Folks,
I've been working with Vlad and Ted offline to make sure we have a plan
that addresses the implementation gaps Vlad sees and the
barriers-for-entry previously stated to keep the feature in HBase 2.0.
My hope is that this can be an honest discussion given 2.0-beta
timelines, with a concrete action plan. I'm trying my best to not
re-hash the logic/reasoning/caveats behind previous concerns; anything
folks feel is a blocker that I haven't covered below is unintentional.
The list:
1. Documentation. It must be updated and committed, ensuring it covers
the details operators/architects need to know to use it effectively
(HBASE-16574). Vlad will help with content, myself and/or Frank will get
it updated to asciidoc.
2. Distributed testing missing. Vlad has taken my previous document on
goals and translated that into an implementation outline[1]. Ted and I
have already weighed in -- I believe it hits the salient points for the
quality of testing we're looking for.

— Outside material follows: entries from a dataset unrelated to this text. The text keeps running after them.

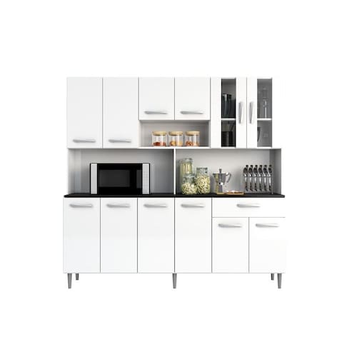 O Kit Cozinha 12 portas 1 gaveta Antonela da FdECOR Móveis é um produto amplo e versátil podendo ser utilizado como complemento de cozinha ou peça única, são 12 portas sendo duas com detalhe em vidro proporcionando charme a peça, 01 gaveta com corrediças metálicas, nicho organizador decorativo, espaço para dispor aparelhos e utensílios domésticos, puxadores em polímero e pés PVC 13cm fixos que garantem firmeza ao produto. Produto em MDP Perffect Touch de maior resistência e com proteção Bacterban que inibe a proliferação de fungos e bactérias na superfície do móvel e portas em MDP com pintura UV brilho. Produto ecologicamente correto com embalagens preparadas para evitar danos e permitir que o produto chegue em perfeito estado em sua casa. Perfeita combinação com os mais variados ambientes. Qualidade que só a FdECOR oferece em seus produtos.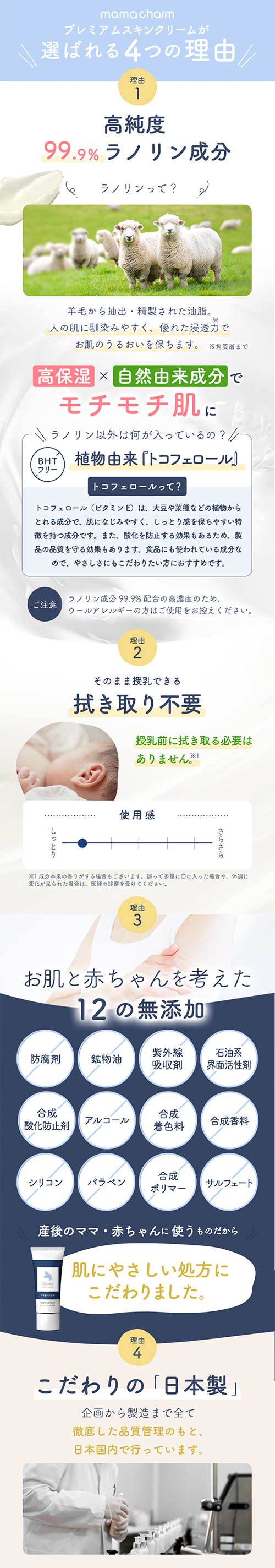 ・赤ちゃんでも使える天然ラノリン。日本製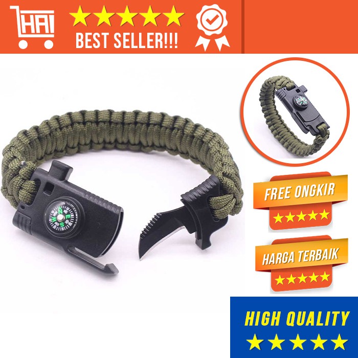 GELANG KOMPAS PISAU BRACELET OUTDOOR TACTICAL KNIFE MULTIFUNGSI ALAT SURVIVAL OUT DOOR TALI PENDAKI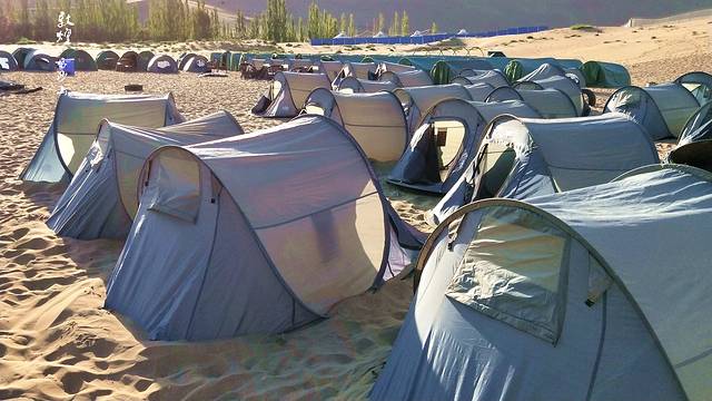 帐篷很简陋,里面有很多沙,但是晚上并不会冷。
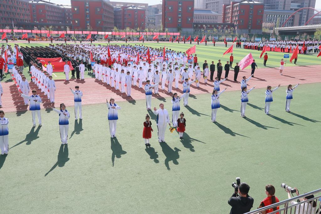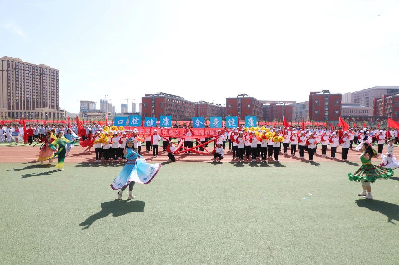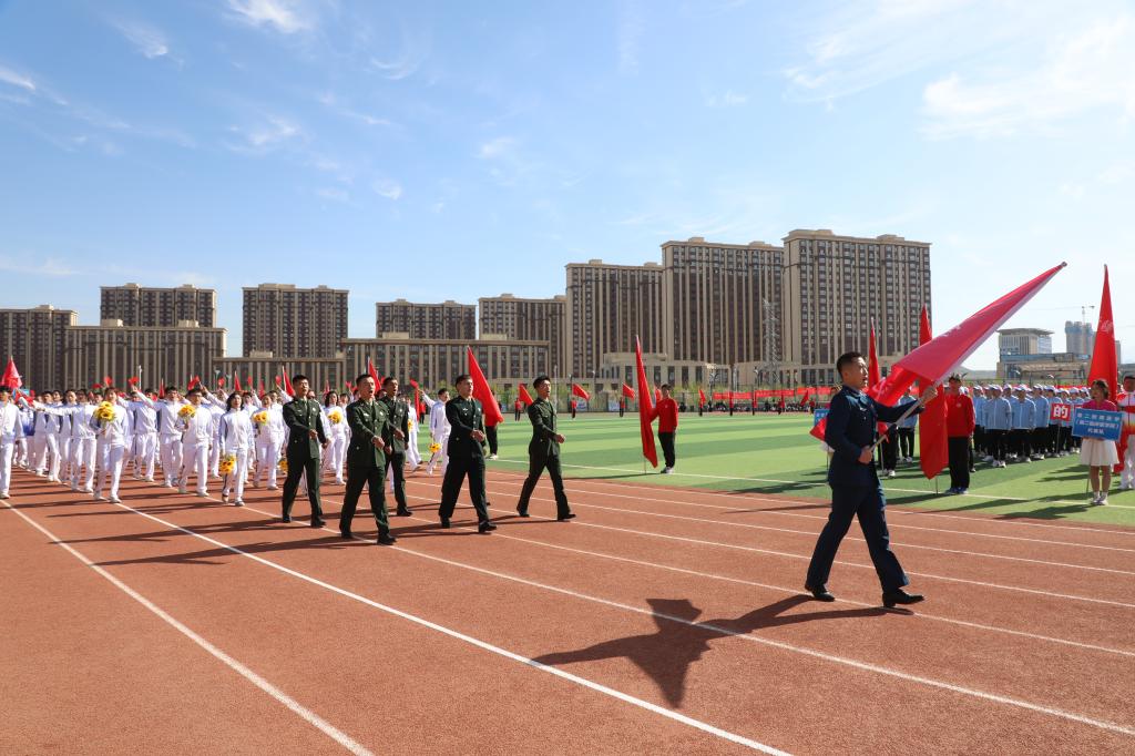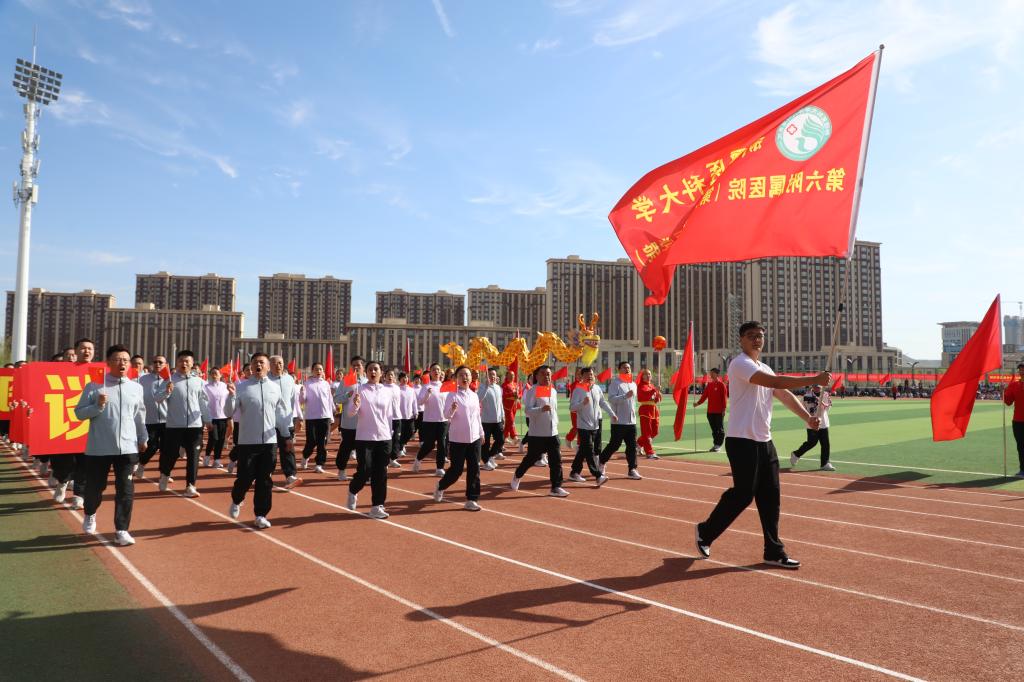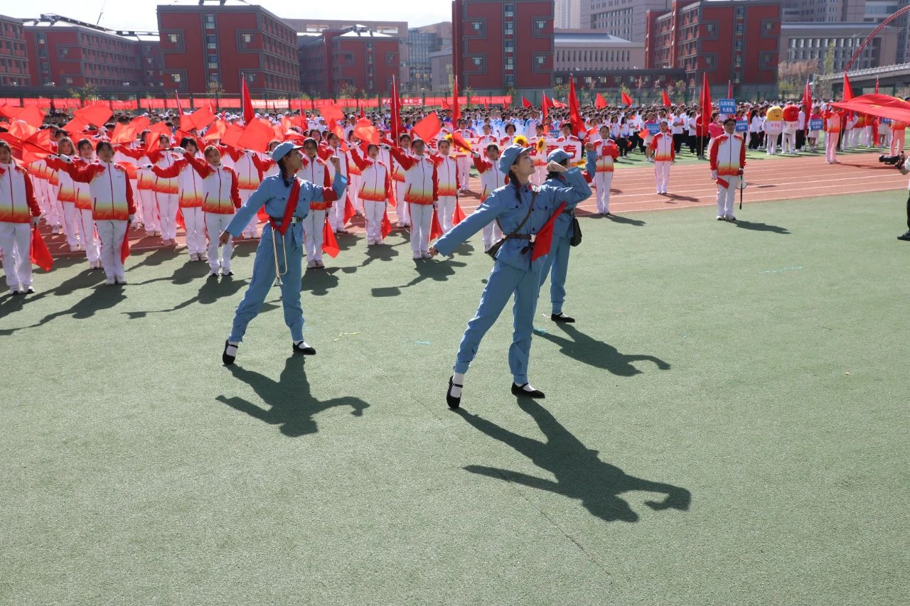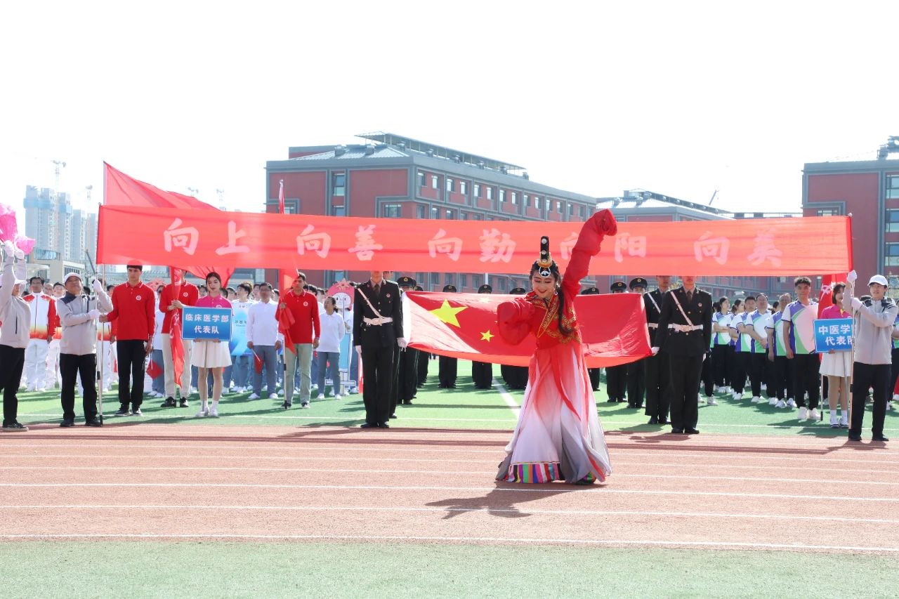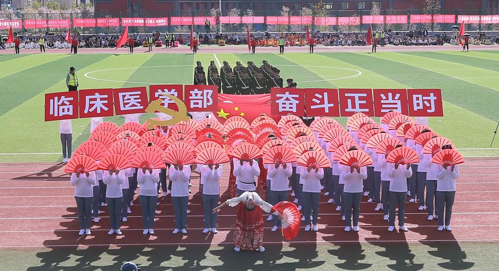 由60名学生代表组成的红旗方阵如似火的年华如胜利的凯歌象征着新时代青年昂扬奋进的精神面貌走出新时代新医人的青春与活力

I'll get started on this while
Vlad does #4 (after consensus on approach, of course). Needs JIRA issue
(maybe?).
3. Operator utility to verify backups. In abstract, this should just be
the same guts of a tool like VerifyReplication. In practice, this should
be the same code that #3 uses (if not _actually_ the same guts as
VerifyReplication). The hope is that this will be encapsulated
(time-wise) by #3. Needs JIRA issue (maybe?).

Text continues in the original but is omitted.